Problem description: Transcribe the listing exactly, so that nothing but the pictures is missing.

BEGIN Input data

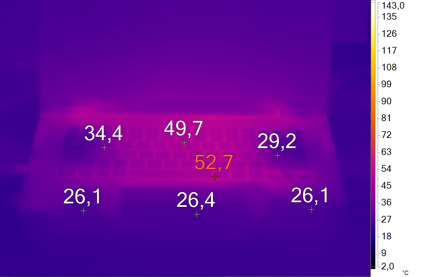 Нагрев клавиатуры ноутбука в режиме «Игры»
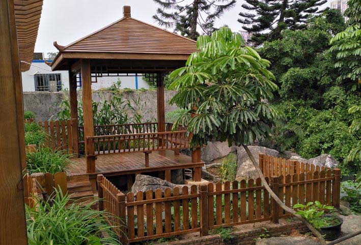 3、涼亭材料選擇 社會上防腐木是很多種,各種不同的防腐木其具有的效果是不一樣的。所以我們在建造涼亭的時候要注意涼亭防腐木材料的選擇上,要留意避免選到開裂或者是變形的防腐木了。
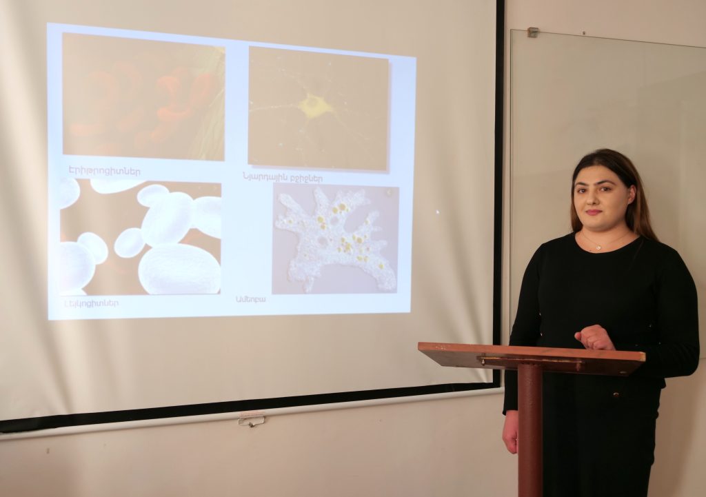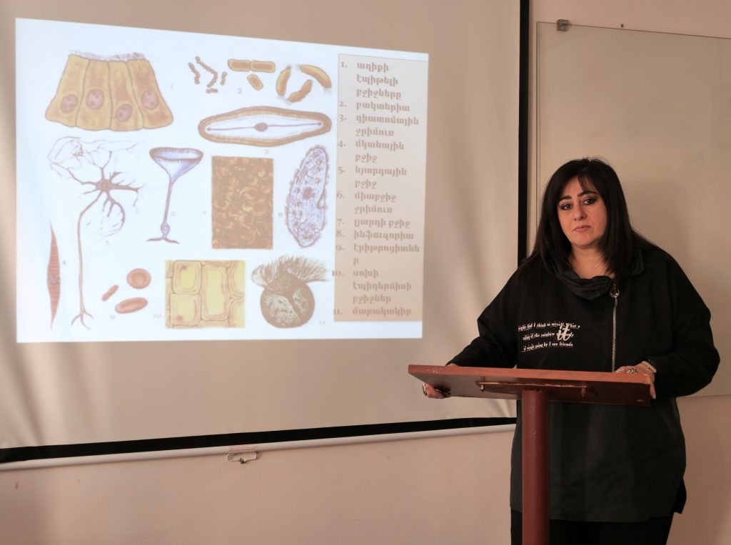 Քիմիայի և կենսաբանության ամբիոնի դոցենտ, կենսաբանական գիտությունների թեկնածու, Գայանե Սահակյանը և ամբիոնի դասախոս Թամարա Մարուքյանը կատարեցին դիտարժան փորձեր, որի արդյունքում աշակերտներն ուսումնասիրեցին բուսական և կենդանական բջիջների կառուցվածքային տարբերությունները, զննեցին բակտերիաներ, արյան ձևավոր տարրեր, պատրաստի պրեպարատներ, նախակենդանիներ, մաշկի բջիջներ։

END Input data

Expected answer:
 Нагрев клавиатуры ноутбука в режиме «Игры»
 3、涼亭材料選擇 社會上防腐木是很多種,各種不同的防腐木其具有的效果是不一樣的。所以我們在建造涼亭的時候要注意涼亭防腐木材料的選擇上,要留意避免選到開裂或者是變形的防腐木了。
 Քիմիայի և կենսաբանության ամբիոնի դոցենտ, կենսաբանական գիտությունների թեկնածու, Գայանե Սահակյանը և ամբիոնի դասախոս Թամարա Մարուքյանը կատարեցին դիտարժան փորձեր, որի արդյունքում աշակերտներն ուսումնասիրեցին բուսական և կենդանական բջիջների կառուցվածքային տարբերությունները, զննեցին բակտերիաներ, արյան ձևավոր տարրեր, պատրաստի պրեպարատներ, նախակենդանիներ, մաշկի բջիջներ։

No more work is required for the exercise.